Il y reste quatre ans, heureux. Mais le couple doit déménager dans le sud de la France, loin de sa mère malade qu’Alex ne rencontre qu’entourée d’infirmières au cours de « visites médiatisées ».

L’Aide sociale à l’enfance le place donc dans une autre famille d’accueil et là, tout bascule. Le petit garçon connaît de mauvais traitements, des négligences : pas de matelas, pas d’hygiène, pas d’éducation, pas de contrôle de la famille. Il y passera quatre ans avant d’être envoyé dans une MECS, loin de son département d’origine, où il subit les agressions physiques et morales des « grands », la violence ambiante constante, les brimades, dit-il, des éducateurs.
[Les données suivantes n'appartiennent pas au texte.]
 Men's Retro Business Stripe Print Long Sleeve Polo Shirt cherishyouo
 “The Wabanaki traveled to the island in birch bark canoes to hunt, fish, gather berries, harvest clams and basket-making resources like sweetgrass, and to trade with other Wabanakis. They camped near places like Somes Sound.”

La punition dont il écope le plus souvent : la chaise, consiste à se tenir comme assis le long d’un mur, un livre posé sur la tête, une balle de ping pong sur le livre. Si la balle tombe, un coup de pied précipite le jeune au sol.
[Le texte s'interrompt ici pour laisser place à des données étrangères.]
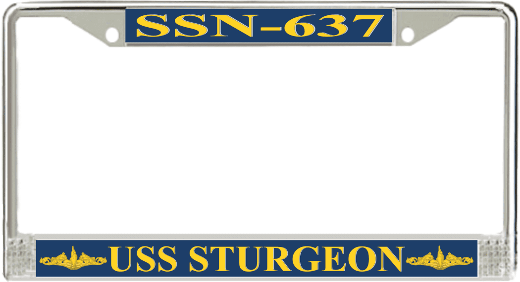 USS Sturgeon SSN-637 License Plate Frame This USS Sturgeon SSN-637 License Plate Frame is proudly made in the USA at our facilities in Scottsboro, Alabama. Each Frame features top and bottom sublimated design strips that are poly coated for a protective gloss finish. Please check your state and local regulations for compatibility of these frames for use on your vehicle.

Très tôt Alex passe pour de la graine de rebelle. « Je ne supportais rien, j’étais un animal. » Un médecin lui prescrit alors un traitement calmant lourd. « En deux ans, je prends 30 kilos, raconte-t-il,

et soudain j’ai peur. Je me vois ressembler à ma mère. » Le jeune garçon, il a à peine dix ans, refuse alors les médicaments pour rester lui-même. À cette MECS succèdent, une famille relais, un séjour

« de punition » dans un foyer de rupture situé dans un département du bord de mer. Seul dans une ferme plus que rustique, à soi-disant réfléchir, coupé du monde et prendre soin des bêtes pendant plusieurs semaines. Alex ne supporte pas cela non plus, il fugue.
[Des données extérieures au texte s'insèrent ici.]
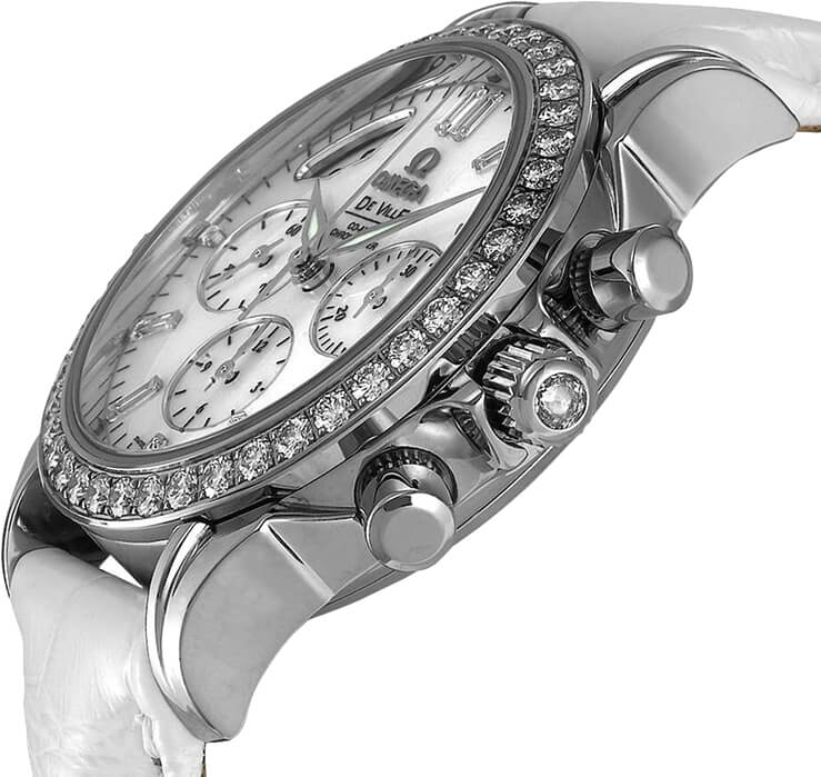 Amazing style for a new low sale price is now available with the Swiss-made Omega De Ville Chronograph Women’s 35mm luxury watch model 4679.75.36. Featuring a solid 18K white gold case with a sapphire crystal exhibition case and a patterned white leather strap with a push-button folding clasp deployment buckle. A Mother of Pearl white dial is accentuated with luminescent hands & index hour markers, a date feature, a column wheel chronograph feature, a 30-minute counter sub-dial, a 12-hour counter sub-dial, and a small seconds sub-dial, all encompassed in a solid 18K white gold bezel set with 42 diamonds. A COSC Certified self-winding automatic movement and a 52-hour power reserve drive this breath-taking watch.

Durant ses séjours et pérégrinations, 8 lieux de placement différents en 17 ans, rien ne lui a échappé, il se souvient. Des convocations pour un départ du foyer à 10 heures du matin alors que les autres sont à l’école et qu’il est impossible de leur dire au revoir : « Tous les départs ont été brutaux. » De l’école, justement, fréquentée de façon hachée : six écoles et une seule année scolaire complète achevée dans le même établissement. Il se souvient de la saleté, de la brutalité, du mépris qu’il sentait porté aux jeunes accueillis ; des cinq ou six référents qui se sont succédés chargés d’assurer la cohérence de son parcours. Il évoque avec émotion le secours moral qu’il a trouvé dans le militantisme, ses relations apaisées avec sa mère « elle a fait de gros efforts pour aller mieux, ça me stimule et me mobilise. »

Les souvenirs sont encore à fleur de peau. Evocations d’injustices, d’humiliations, insupportables car elles donnent le sentiment de ne compter pour rien. Sa parole, dit-il, n’a jamais été écoutée, prise en considération, comme si elle était inexistante, jusqu’au ridicule, lorsque, épuisé, il demande de l’aide à un service téléphonique qui, affirme-t-il, lui propose de signaler son cas à l’Aide sociale à l’enfance.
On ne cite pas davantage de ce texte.